Synchronizing pulse-coupled oscillators by constraining the phase response curve

TL;DR

This paper derives an analytic condition on the phase response curve that ensures synchronization in networks of pulse-coupled oscillators, extending classical results and applying to neural models.

Contribution

It introduces a new analytic condition on the infinitesimal phase response curve for synchronization, applicable to various network topologies and coupling types.

Findings

Analytic condition guarantees synchronization in pulse-coupled networks.

Condition extends to non-homogeneous coupling scenarios.

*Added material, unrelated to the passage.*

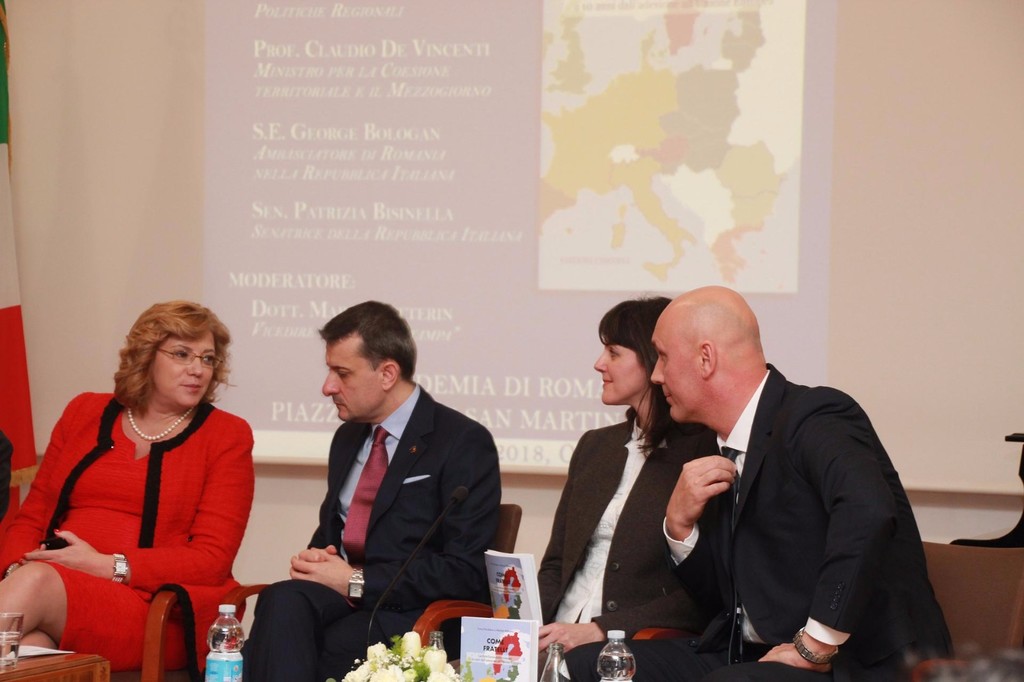 Oltre agli autori del libro, son intervenuti il commissario Ue per le Politiche regionali, Corina Crețu, il ministro per la Coesione territoriale e per il Mezzogiorno, Claudio De Vincenti, la senatrice Patrizia Bisinella, l’ambasciatore della Romania in Italia, George Bologan. I relatori convenuti, tutti esponenti di primo piano delle élite intellettuali e politiche dei due Paesi, hanno, con i loro interventi, confermato la sostanza del libro, sintetizzata nel titolo: italiani e rumeni sono popoli fratelli.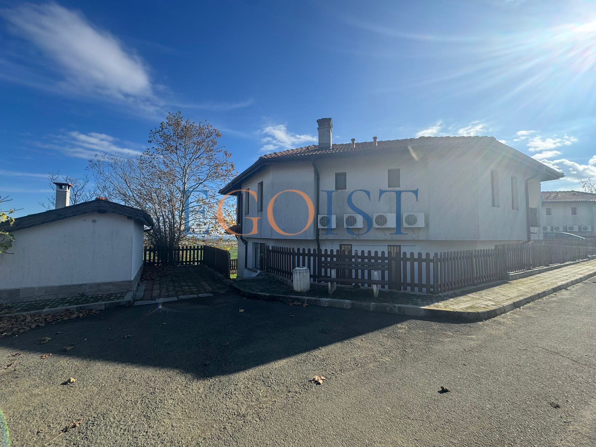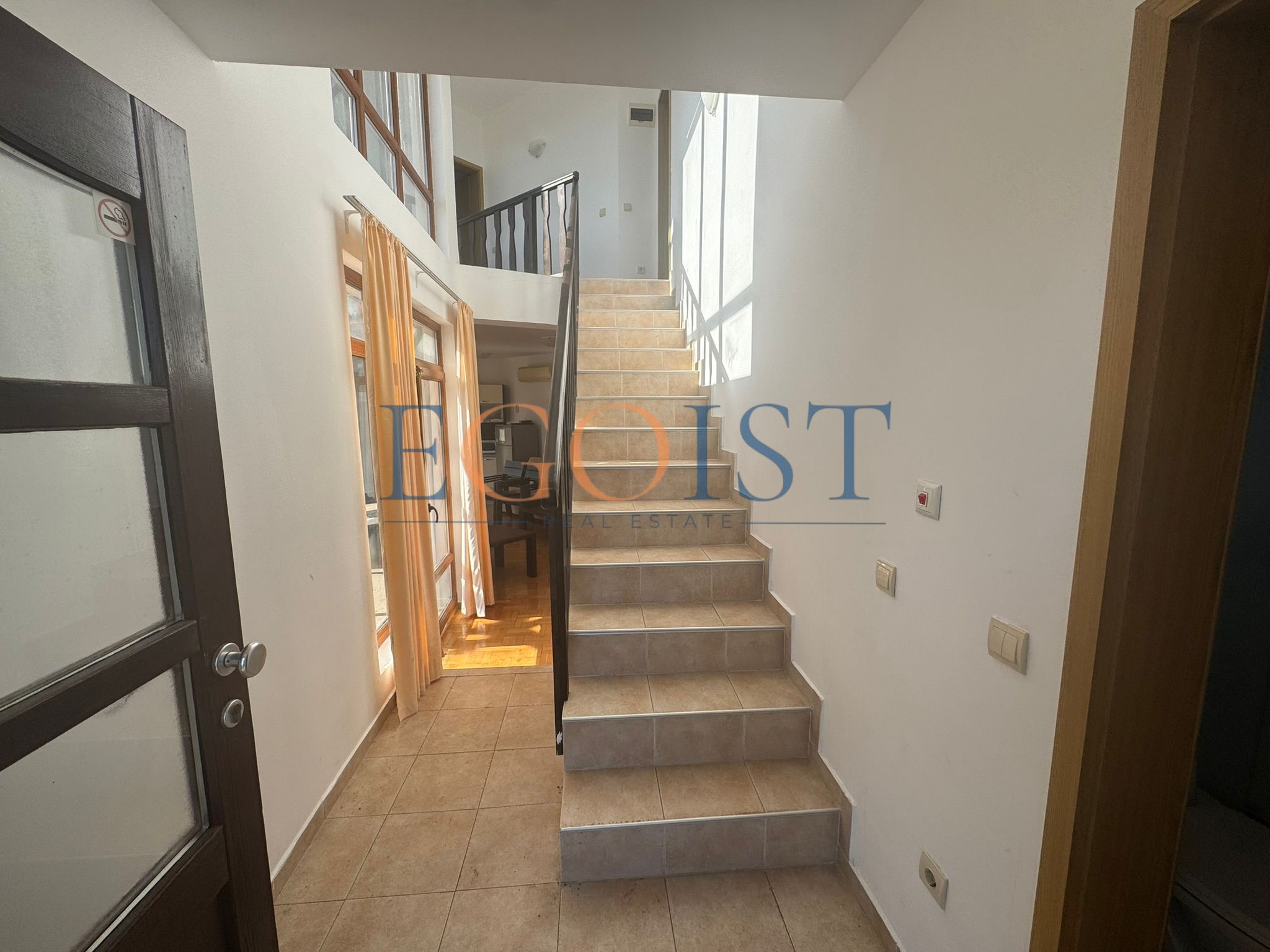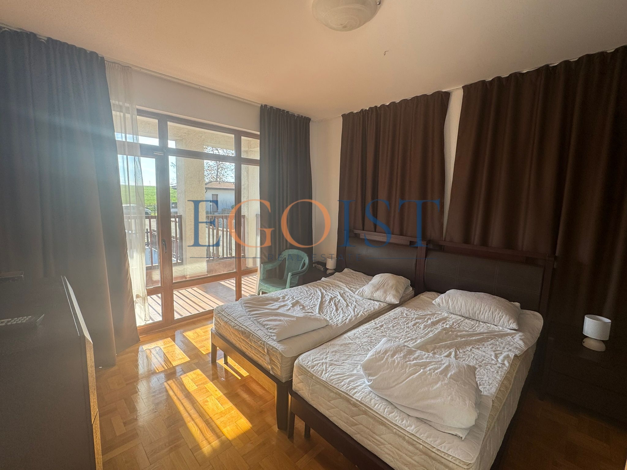 This two-story, three-bedroom house is for sale in the Floral Hills complex, located in the Kableshkovo area of Burgas Province. The house consists of an entrance hall, a spacious living room with a kitchen and access to a terrace and private garden, three bedrooms (one on the ground floor), three bathrooms, and a balcony overlooking the sea and the complex grounds.

Explicit parameters for neural oscillators ensure synchronization.

Abstract

We consider networks of weakly pulse-coupled identical oscillators. In an effort to resolve a long-standing problem, we develop an analytic condition on the infinitesimal phase response curve (iPRC) for synchronized dynamic behaviour, extending the well-known result by Mirollo and Strogatz. Oscillators cluster towards synchronization through recurrent absorptions in the case of fully connected networks. We also point out that the same analytic condition guarantees absorption for general networks, and how the condition is extended for non-homogeneous coupling. For a network of neural oscillators of the quadratic-integrate-and-fire type (QIF) we reinterpret our synchronization result into explicit conditions on the QIF-model parameters.